— What needs to be done —
In this exercise, write out the data word for word and leave every image out.

— Given data —
# # # #
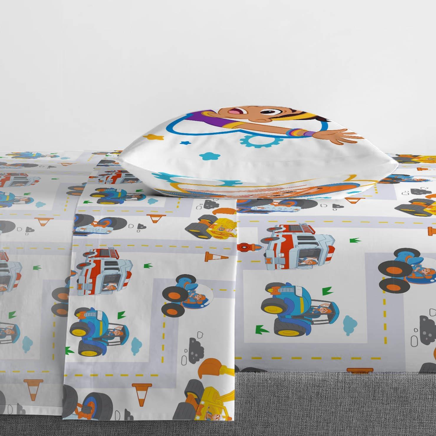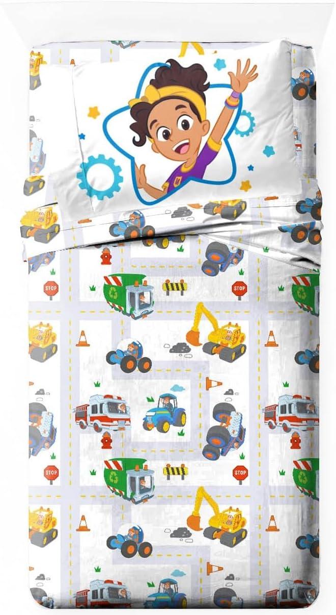 Jay Franco Kids Sheet Set with Fitted, Flat Sheets & Pillow Cover - Ultra-Soft Bedding with Pillowcase for Room Decor, White - Toy Story, 4 Piece Queen(White - Blippi)
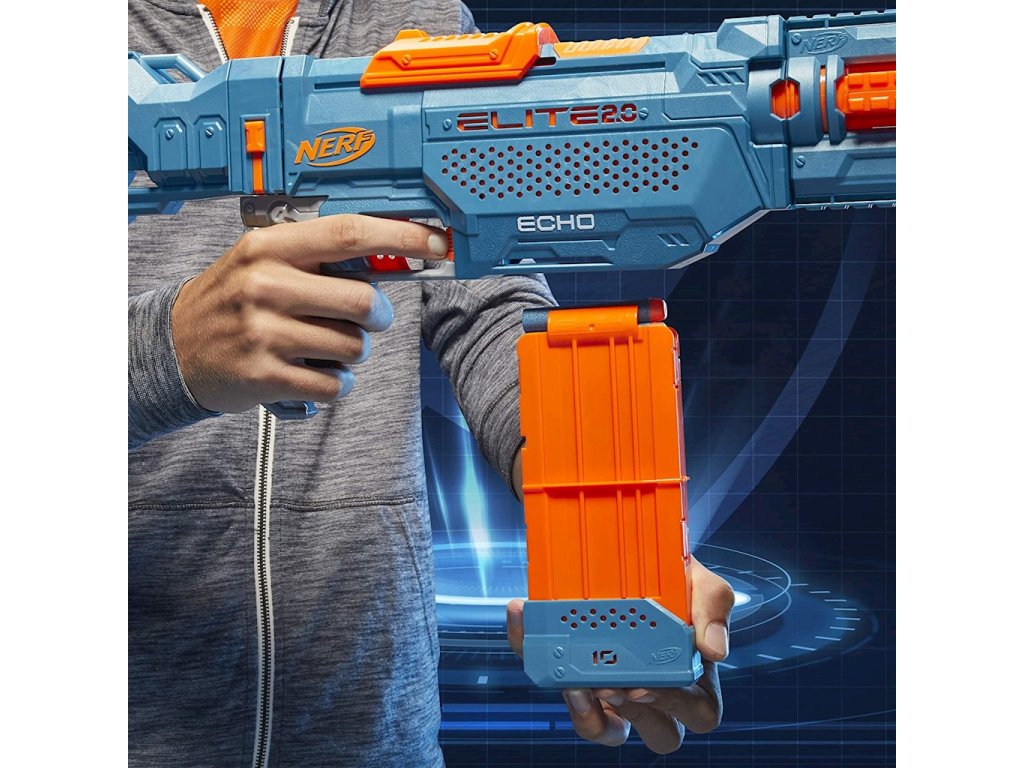 Echo je odpalovací zařízení s posuvným systémem, podobně jako Delta Trooper a Retaliator. Jedná se o multifunkční odpalovací zařízení, které lze přizpůsobit jakémukoli typu akce. Obrovskou výhodou tohoto launcheru je jeho modulární konstrukce, takže jeho úpravou můžeme vytvořit až 4 různé launchery! Pro lepší stabilitu při střelbě můžete namontovat pažbu nebo přidat hlaveň pro zvýšení přesnosti. Echo má 5 taktických lišt, 4 jsou v připojené hlavni a jedna v baňce.V závislosti na situaci můžete použít dvě možnosti střelby, pečlivou přesnou střelbu jednotlivými ranami nebo nepřetržitou střelbu a zasáhnout nepřítele krupobitím kulek.Funkce spouštěče:
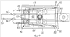 Как, в частности, следует из Фигуры 1, средство 16 для смещения контактного блока 15 содержит две проходящие перпендикулярно спереди в выдвижном блоке 1 зубчатые рейки 20, которые являются сдвигаемыми в сторону через шестерню 21. В шестерню 21 при этом через переднюю сторону можно воздействовать ключом на месте стрелки 22. Через угловые отклонения 23 рейки 24 движутся вперед или, соответственно, назад. Связанный с рейками 24 поперечный толкатель 25 движется тогда также сзади вперед и наоборот.
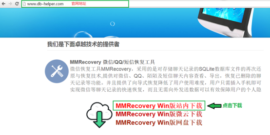 如下圖在瀏覽器的地址欄中輸入MMRecovery產(chǎn)品的官方網(wǎng)址 ( ),打開官方網(wǎng)頁后在網(wǎng)頁中找到下載地址點(diǎn)擊下載,該工具是綠色軟件下載后解壓一下就可以直接使用了。
# # # #
— Solution below —
 Jay Franco Kids Sheet Set with Fitted, Flat Sheets & Pillow Cover - Ultra-Soft Bedding with Pillowcase for Room Decor, White - Toy Story, 4 Piece Queen(White - Blippi)
 Echo je odpalovací zařízení s posuvným systémem, podobně jako Delta Trooper a Retaliator. Jedná se o multifunkční odpalovací zařízení, které lze přizpůsobit jakémukoli typu akce. Obrovskou výhodou tohoto launcheru je jeho modulární konstrukce, takže jeho úpravou můžeme vytvořit až 4 různé launchery! Pro lepší stabilitu při střelbě můžete namontovat pažbu nebo přidat hlaveň pro zvýšení přesnosti. Echo má 5 taktických lišt, 4 jsou v připojené hlavni a jedna v baňce.V závislosti na situaci můžete použít dvě možnosti střelby, pečlivou přesnou střelbu jednotlivými ranami nebo nepřetržitou střelbu a zasáhnout nepřítele krupobitím kulek.Funkce spouštěče:
 Как, в частности, следует из Фигуры 1, средство 16 для смещения контактного блока 15 содержит две проходящие перпендикулярно спереди в выдвижном блоке 1 зубчатые рейки 20, которые являются сдвигаемыми в сторону через шестерню 21. В шестерню 21 при этом через переднюю сторону можно воздействовать ключом на месте стрелки 22. Через угловые отклонения 23 рейки 24 движутся вперед или, соответственно, назад. Связанный с рейками 24 поперечный толкатель 25 движется тогда также сзади вперед и наоборот.
 如下圖在瀏覽器的地址欄中輸入MMRecovery產(chǎn)品的官方網(wǎng)址 ( ),打開官方網(wǎng)頁后在網(wǎng)頁中找到下載地址點(diǎn)擊下載,該工具是綠色軟件下載后解壓一下就可以直接使用了。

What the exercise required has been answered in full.